Lumateperone Levels and Effects while Breastfeeding
Summary of Use during Lactation
No information is available on the clinical use of lumateperone during breastfeeding. However, amounts of lumateperone and its metabolites in breastmilk appear to be low and would not be expected to cause any adverse effects in breastfed infants. If lumateperone is required by the mother, it is not a reason to discontinue breastfeeding
Drug Levels
Maternal Levels. The manufacturer reports a lactation study in 17 lactating women that evaluated the concentrations of lumateperone and its metabolites in plasma and mature breast milk following a single dose of 42 mg of lumateperone.
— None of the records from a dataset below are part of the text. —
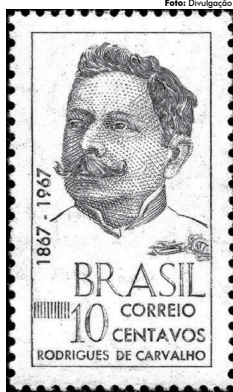
São dois Correios em homenagem ao poeta
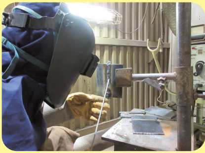
Soldagem eletrodo revestido
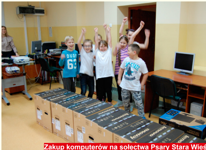
Zakup komputerów na sołectwa Psary Stara Wieś

impres sportowych i turystycznych należy wymienić organizowane w gminie biegi terenowe, rajdy piesze i rowerowe, a także nocny bieg nad zalewem w Wilkowie, który przyciągnął wielu biegaczy z całej Polski. Dzięki wsparciu finansowemu władz gminnych oraz zaangażowaniu prężnie działających klubów sportowych w gminie organizowane są liczne turnieje piłki nożnej, siatkowej, bilardowe czy zawody wędkarskie. Burmistrz również dużą uwagę zwraca na upowszechnianie kultury wspierając lokalnie działające stowarzyszenia, które przyczyniają się do promocji Gminy. Z roku na rok coraz większe fundusze są zabezpieczane w budżecie gminnym na działania na rzecz poszerzenia oferty kulturalnej oraz stwarzania możliwości
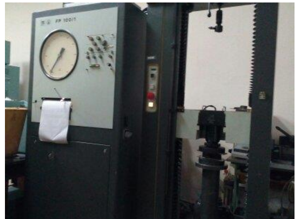
Рисунок 1 – Універсальний стенд FP100/1

Досліджувались гумометалеві елементи циліндричної форми з різною товщиною гумового шару h_p (табл. 1). Металева арматура була приєднана до гумового масиву в процесі вулканізації. У таблиці прийняті наступні позначення: h_m – товщина металу (для всіх елементів h_m = 5 мм); n – кількість елементів у стопці, що підлягають випробуванню; P – сила при стиску елементів; \Delta – деформація стопки елементів; C – статична жорсткість стопки елементів при стиску й витримці її під навантаженням не менш 30 хв. Елементи виготовлялися з середньоонаповненої гуми типу 2959.
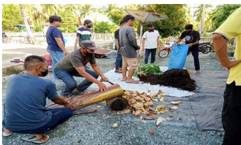
Gambar 4. Proses Pembuatan Pupuk Organik

Pada pelatihan ini tim pengabdian memberi kesempatan langsung kepada para petani dalam proses pembuatannya, tim pengabdian hanya memandu namun praktek langsung dikerjakan oleh petani sebagaimana tersaji pada gambar 4 berikut:
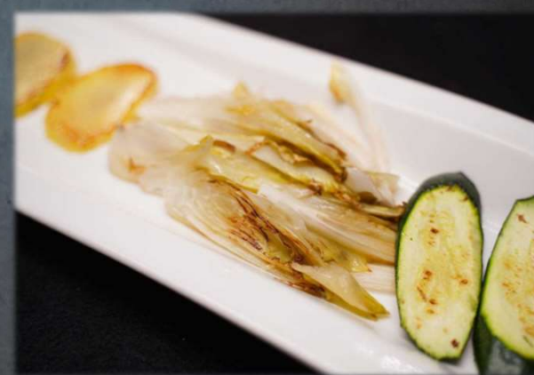
YASAI YAKI €12.00 Verdure di stagione alla griglia. Allergeni: 16
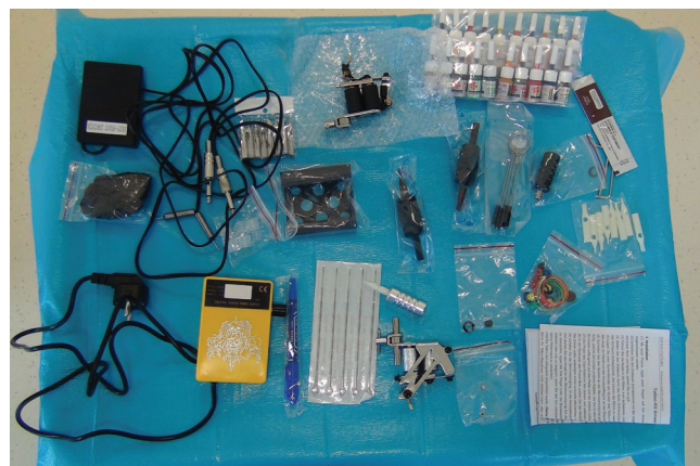
Obrázek 1. Tetovacia sada a pigmenty

Podľa zdravotnej dokumentácie pacient absolvoval niekoľko operácií ľavého oka (vrátane pars plana vitrektómie) v súvislosti s úrazom v minulosti. Objektívne najlepšia korigovaná centrálna zraková ostrosť (NKCZO) pravého oka bola 1,0 a u ľavého oka bola prítomná amauroza. Na rohovke ľavého oka bol sýty leukóm, v centre s náznakom zonulárnych zmien. Prítomný bol tiež divergentný strabizmus (ex anopsia) ľavého oka. Ultrasonografickým B scan vyšetrením sme verifikovali vysokú totálnu inveterovanú amóciu sietnice, vnútroočný tlak bol palpačne nižší – tlak nebolo možné
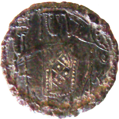
Lev. 3 (arka)
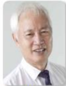
Jaz sem Kitajec.
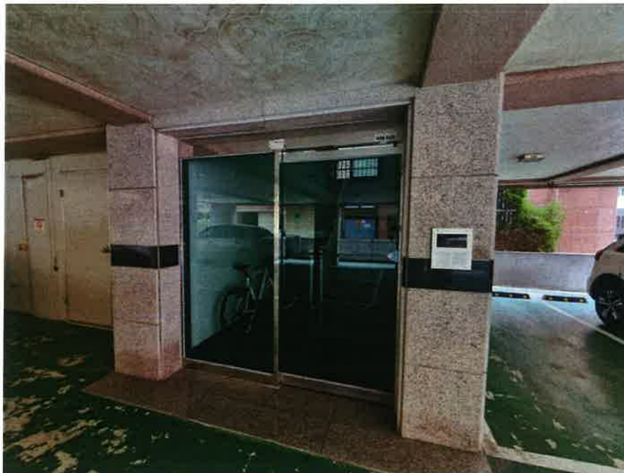
본 건 출입문 전 경
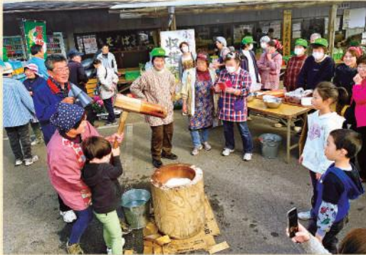
小林直売所収穫祭 (11月18日)

組合員や地域の皆様に感謝を込めて 各支店、各直売所で感謝祭や収穫祭が行われました
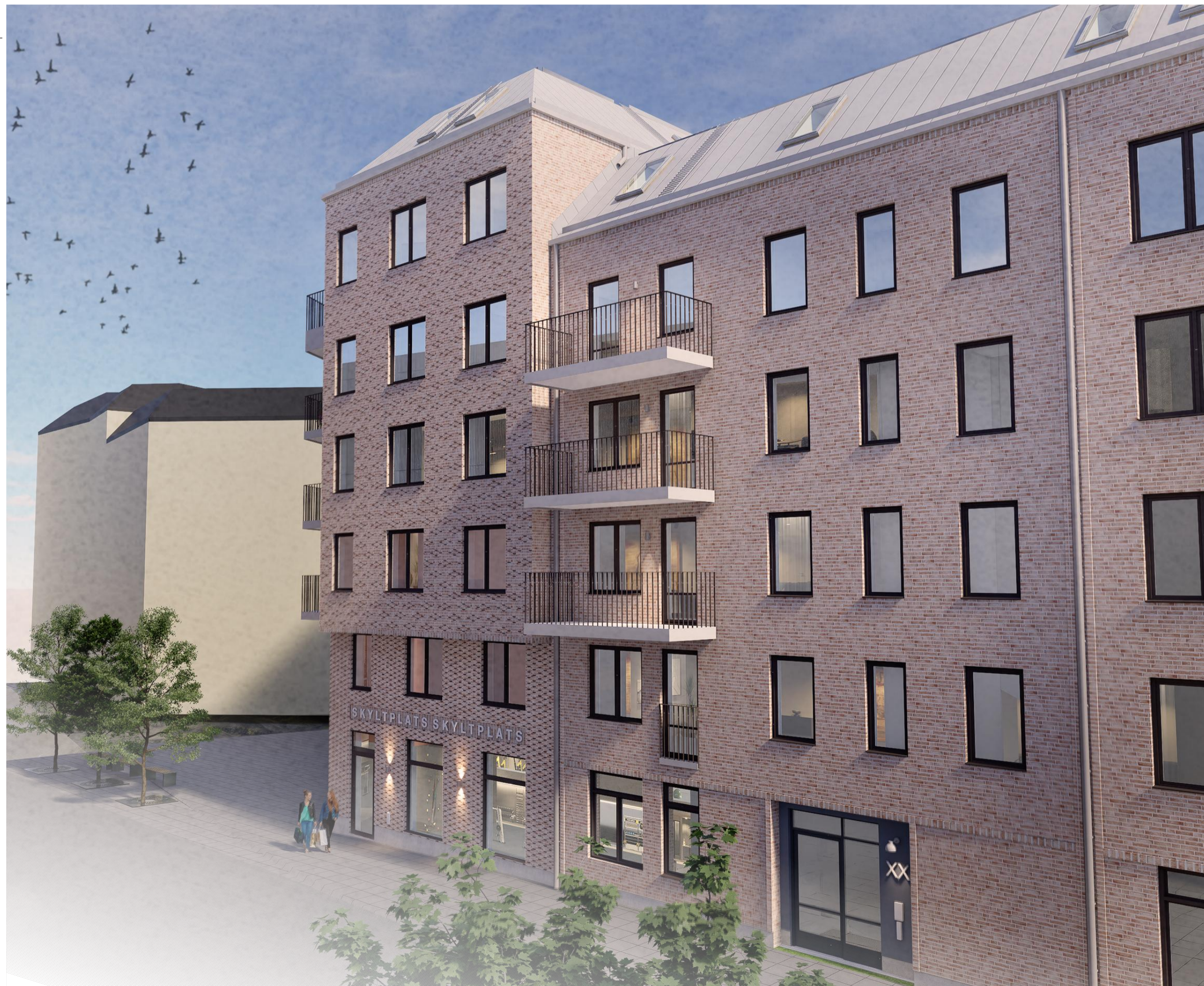
VY BYGGNAD L2 FRÅN NORVÄST

The estimated daily infant dose of lumateperone in human milk was 0.0004 mg/kg (with assumed average daily milk consumption of 200 mL/kg). The mean relative infant dose (with an assumed mean daily milk consumption of 200 mL/kg and average maternal weight of 71 kg) was 0.06% of the maternal weight-adjusted dosage. Several major circulating metabolites were also present in breastmilk at estimated daily infant dose of 0.0004 mg/kg. Aniline metabolites were not detectable in milk or maternal plasma at quantifiable levels.
Infant Levels. Relevant published information was not found as of the revision date.
Effects in Breastfed Infants
Relevant published information was not found as of the revision date.
Effects on Lactation and Breastmilk
Relevant published information was not found as of the revision date.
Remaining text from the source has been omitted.